From 2015 to 2017, the PPA refined its core collection by eliminating 3,729 duplicate works. These duplications were the result of our initial file transfer from HathiTrust, a partnership of academic and research institutions offering a collection of millions of titles digitized from libraries around the world. We began our active collaboration with HathiTrust in 2012. Partnering with HathiTrust was a necessary and strategic move on our part, but being tied to their metadata posed several problems.

For instance, who assigns all the bibliographic data attached to a HathiTrust digital monograph? How do they choose between spellings of authors’ names? How do they designate volume numbers? What about specific editions of the same work produced within the same year, but by different publishers? These choices vary within each partner institution’s library, and HathiTrust has over 100 partners, many of which have more than one library within their institution. You can imagine how easily standardization gets lost.

Additionally, partner institutions submit their digital surrogates to HathiTrust, but HathiTrust acts as a platform by which you might discover the actual book in the actual library. That means that if the Library of Congress, the University of California, and Harvard all own the book and sent the digital surrogate to HathiTrust, HathiTrust has all of these surrogates.

Screen Shot 2019-03-26 at 3.34.43 PM.png

Copies of Imagination and Fancy in HathiTrust, digitized by various host libraries

When you partner with them and ask for access to thousands of titles, they’ll give you every copy of that title that they have. Additionally, titles themselves could be miskeyed and author’s names or publication dates could vary between libraries. The lack of standardization across libraries and within HathiTrust, as well as the mechanism by which they delivered multiple copies of the same work, led to the PPA initially hosting hundreds of duplicate copies of the same work [for a more in-depth account of how we chose which works to keep, see Colette Johnson’s essay on Samuel Johnson]. Because duplicates were skewing users’ search results on our beta-site, we knew we would have to clean our initial dataset and tackle this problem head- (or rather hands) on.

Take, for example, Imagination and Fancy, a “who’s who” of poetry written by Leigh Hunt and published in 1845. The 2.0 version of the PPA site was hosting five identical versions of the exact same text by the same publisher printed in the same year. These were scans of the exact same book by four different host libraries: Harvard, the Library of Congress, the New York Public Library, and the University of California. Or so we thought.

PPA1.png

Duplicates in PPA 2.0

Project manager Meagan Wilson did some investigative work, and discovered that one was a dead link.
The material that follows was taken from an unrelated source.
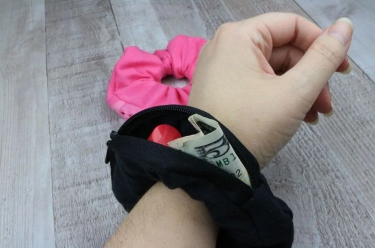 If you’re going to the gym or exercising outdoors, it helps to have a couple of contingency items on you! A couple of dollars, your gym card, car key, etc.! You can carry them securely with this scrunchie with a secret compartment!

Of the remaining four, Wilson compared the title pages to verify that each copy contained identical information.

PPA2.png

Title pages of the four copies of Imagination and Fancy

However, Wilson also conducted this comparative exercise with the last page of text in each copy to check for pagination, as well as any added appendices, and she made an interesting discovery. Three copies were paginated the same and nearly identical (one was missing “THE END”).

PPA3.png

Nearly identical last pages of three copies of Imagination and Fancy

The fourth ended on a completely different essay! The explanation? Wiley and Putnam released a double edition of Leigh Hunt’s text and a 222 page essay “The Genius and Character of Burns.” But this double edition had the exact same metadata, so there’s no way we would have known of this discrepancy had Wilson not instinctively looked past the title page.

PPA4.png

Different final page of fourth copy

Wilson whittled down the collection this way, virtually by hand! She created a spreadsheet of the metadata, which included what HathiTrust calls “Record IDs”—an identifying string of numbers shared by exact copies of texts or multivolume works. (This is distinct from HathiTrust’s “Volume IDs”; each item in HathiTrust has a unique Volume ID—such as nyp.33433074840152—that identifies the originating host institution—in this example, the New York Public Library.)

PPA5.png

Data cleaning

Wilson ran an algorithm to “dedupe” our list of 8,300 files, giving priority to those copies scanned by libraries with which we have a relationship; for example, we wanted to keep Princeton, Columbia, and NYPL holdings—in that order—because all three libraries belong to a consortium called ReCAP. Because HathiTrust also uses Record IDs to group multivolume works, Wilson had to make sure that the script cut exact copies only, and not multi-volume works. She painstakingly hand-checked these records for accuracy and for discrepancies like the Leigh Hunt example. This process refined the PPA’s collection to just under 5,000 works; that number shows just how many duplicates we were hosting—about 40% of the original 8,300 texts that HathiTrust delivered.

With a clean, de-duplicated database, we teamed up with the Center for Digital Humanities at Princeton to create an intuitive user interface with a robust administrative backend. This backend is crucial for managing HathiTrust works and allows PPA team members to edit metadata, add new works, and even group items into filterable collections. In the coming months, the PPA team will be working on making metadata corrections so that the PPA’s users can get the cleanest, most accurate information when they view these items on our site.

Edited by Meredith Martin